Das Judenweib trat näher und streckte den Arm wieder aus.

Die junge Frau konnte sich nicht enthalten, einen Blick auf die Adresse zu werfen. Da zuckte sie plötzlich zusammen, riß der Alten den Brief aus der Hand, und starrte die scharfen Schriftzüge an. Dann zerbrach sie hastig das Siegel und überflog die Zeilen. Wie bestürzt legte sie das Papier auf den Schreibtisch, ergriff ihre Börse, holte ein Goldstück heraus, und gab es der Jüdin.

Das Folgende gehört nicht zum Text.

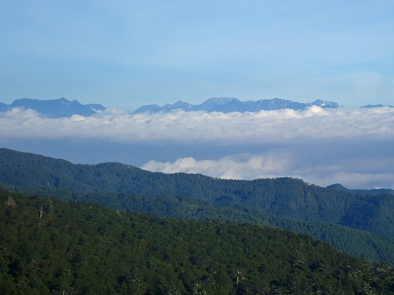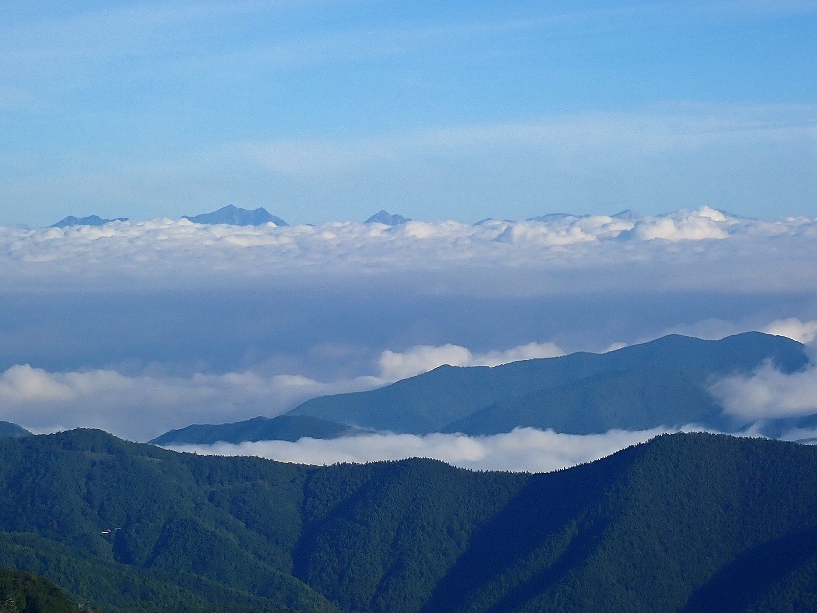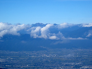 南アルプスは山頂だけ見えています。左端にもしかして富士山も山頂だけみえているのか?。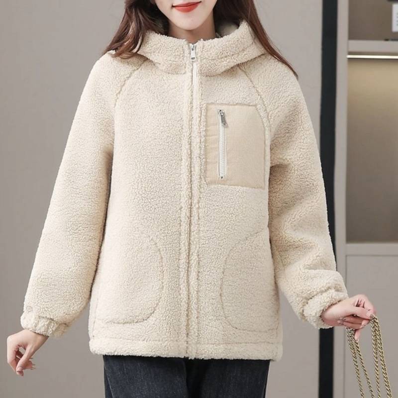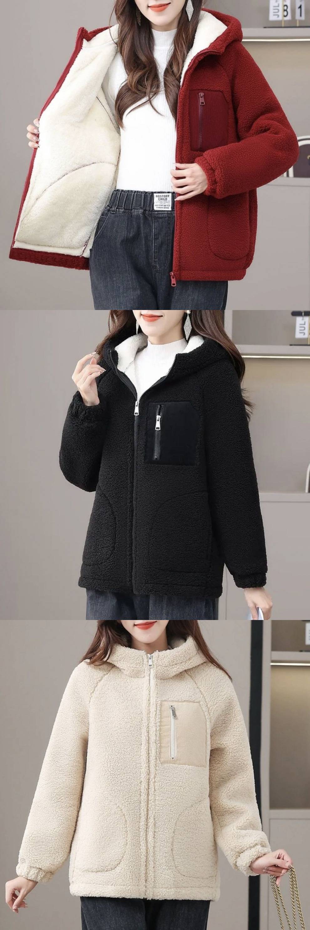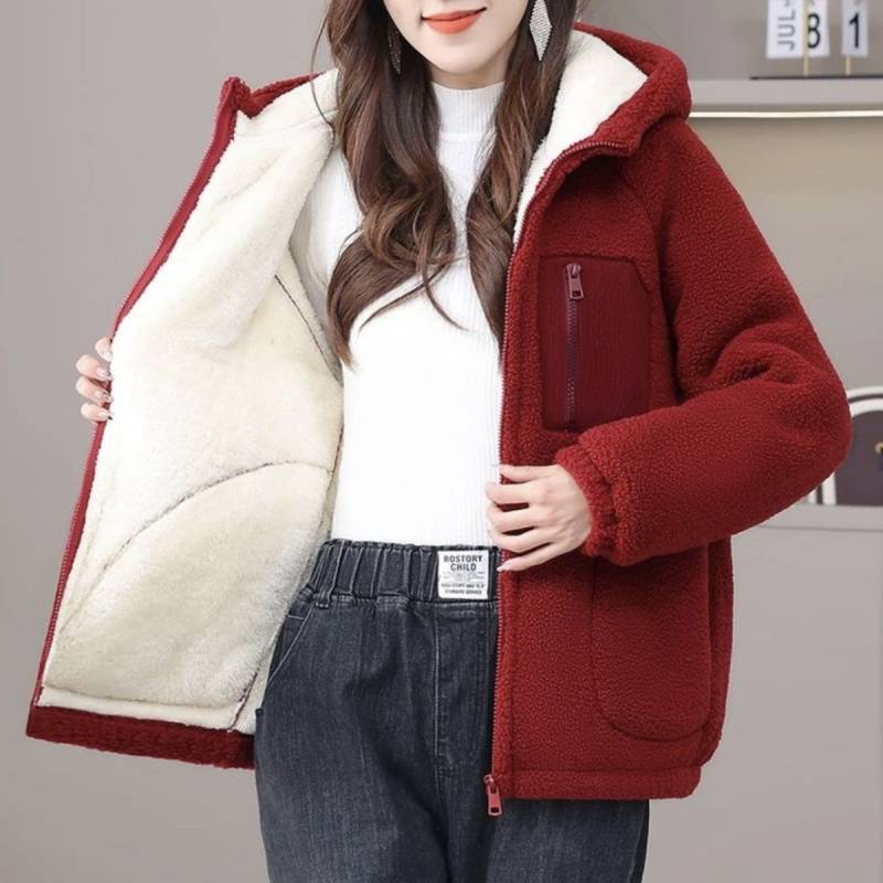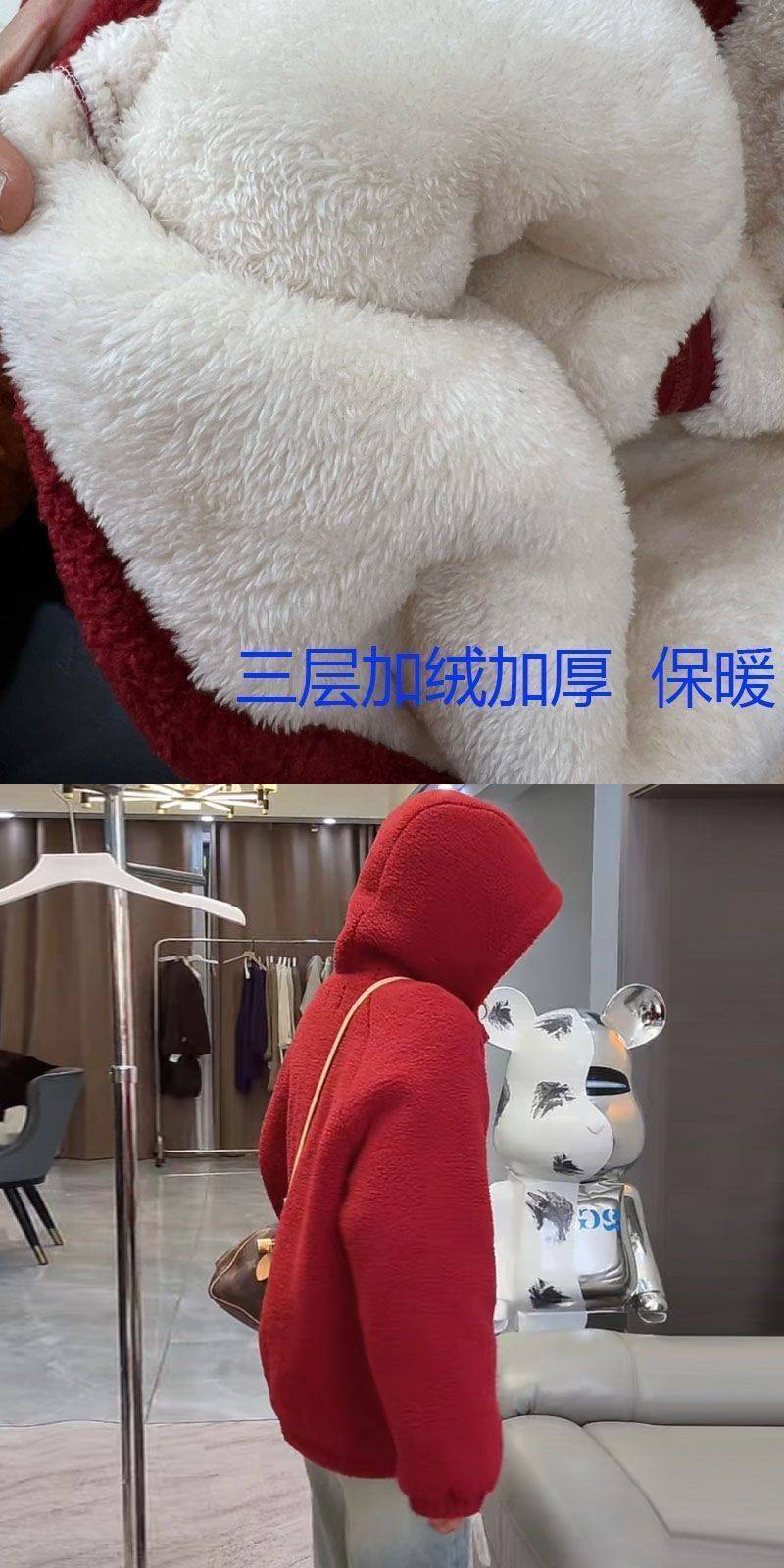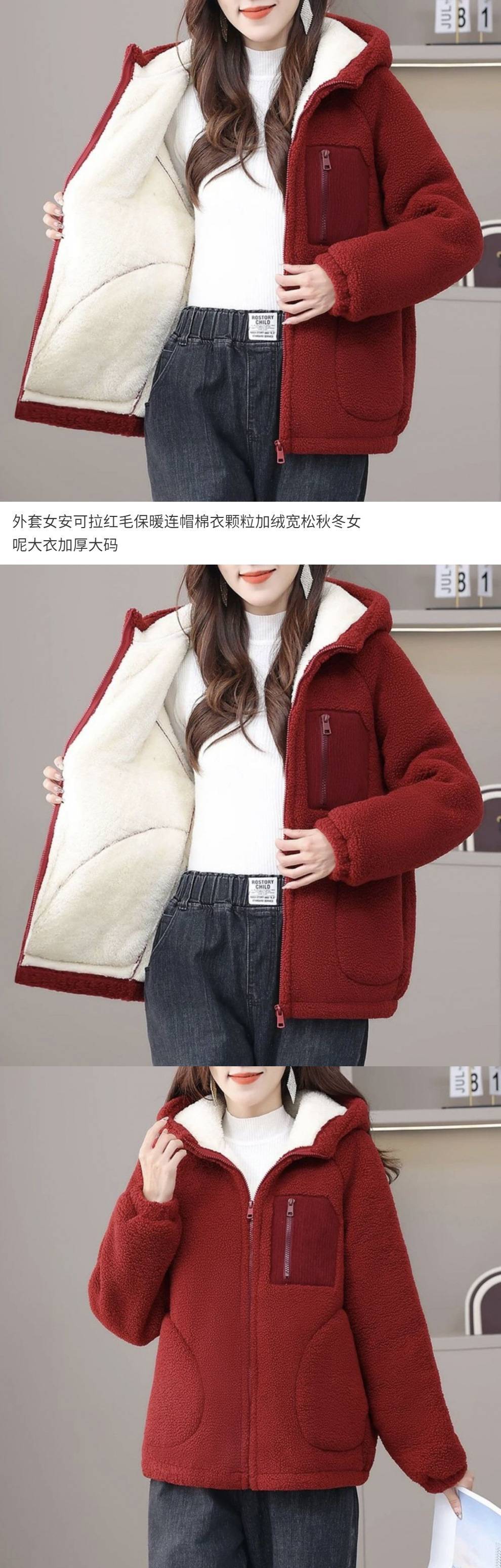 코트 여성용 안코 라 레드 헤어 따뜻한 후드 코튼 패딩 의류 과립 기모 느슨한 여성용 모직 코트 가을과 겨울 플러스 사이즈 두껍게스토어 가기

„Der Mann mit eisgrauem Haare hat Recht, sagte sie in gewaltsamer Fassung; hier ist der Botenlohn, den er Ihnen versprochen. Sollten Sie ihn zufällig wiedersehen, so sagen Sie ihm, ich würde meinen Mann von dem in Kenntniß setzen, was mir sein lange erwarteter Brief mittheilt.“

„O ich wußte es wohl,“ rief froh das Judenweib; „ein so alter, würdiger Mann konnte sich keinen Spaß mit mir erlauben. Gott grüße Sie, liebe Madame Soltau! Werde Ihren Auftrag ausrichten, wenn ich den Mann wiedersehe!“

Das Goldstück betrachtend, verließ die Alte das Zimmer.

Kaum hatte sie sich entfernt, als Henriette die Thür schloß, den Brief wieder ergriff und zu lesen begann. In ihrem schönen Gesichte malten sich zuerst Bestürzung, dann Ueberraschung und endlich ein wehmüthiger Schmerz – sie brach in Thränen aus. Drei, vier Mal las sie den Brief, dann verbrannte sie ihn über der Flamme eines Wachsstocks, den sie mit bebender Hand angezündet, und warf die Asche durch das offene Fenster, daß der Wind sie zerstreute. Nachdem sie einige Minuten auf und abgegangen, um sich zu sammeln, erschloß sie die Thür wieder und setzte sich ruhig an ihren Stickrahmen. Als Soltau eine Stunde später eintrat, zeigte ihr schönes Gesicht keine Spur mehr von der heftigen Gemüthsbewegung.

V.
Auf dem Balle.

Es war im November, in der Zeit, wo Hamburg in Regen und Nebel eingehüllt ist. Soltau hatte unerhörtes Glück in allen seinen Unternehmungen gehabt; es schien, als ob ein besonderer Schutzgeist über seinem Bankhause wachte. Die sich immer noch häufenden Geschäfte hatten eine Vermehrung des Comptoirpersonals nöthig gemacht: statt drei Commis sah man jetzt neun an eleganten Bureaux arbeiten. Ludwig Lambert, der seit dem ersten Tage des Bestehens der Firma dem Hause angehörte, nahm die geachtetste Stellung ein, ihn, und dem alten Kassirer Lorenz überließ Soltau die Leitung des Comptoirs, wenn ihn die großen Unternehmungen in andere Kreise zogen. Die Zeit des schnell reich gewordenen Banquiers war dergestalt in Anspruch genommen, daß nothwendig eine Aenderung in dem häuslichen Leben der beiden Gatten vorgehen mußte. Soltau sah seine Gattin nur des Mittags bei Tische und selten des Abends, denn er war gezwungen, die Cirkel seiner zahlreichen Geschäftsfreunde zu besuchen, die ihn mit Einladungen bestürmten. Henriette war intelligent genug, um die Nothwendigkeit dieser Veränderung einzusehen; sie zürnte deshalb nicht, sie schien vielmehr ihre Zärtlichkeiten zu verdoppeln, um einen Ersatz für die Beschränkung der Zeit zu haben.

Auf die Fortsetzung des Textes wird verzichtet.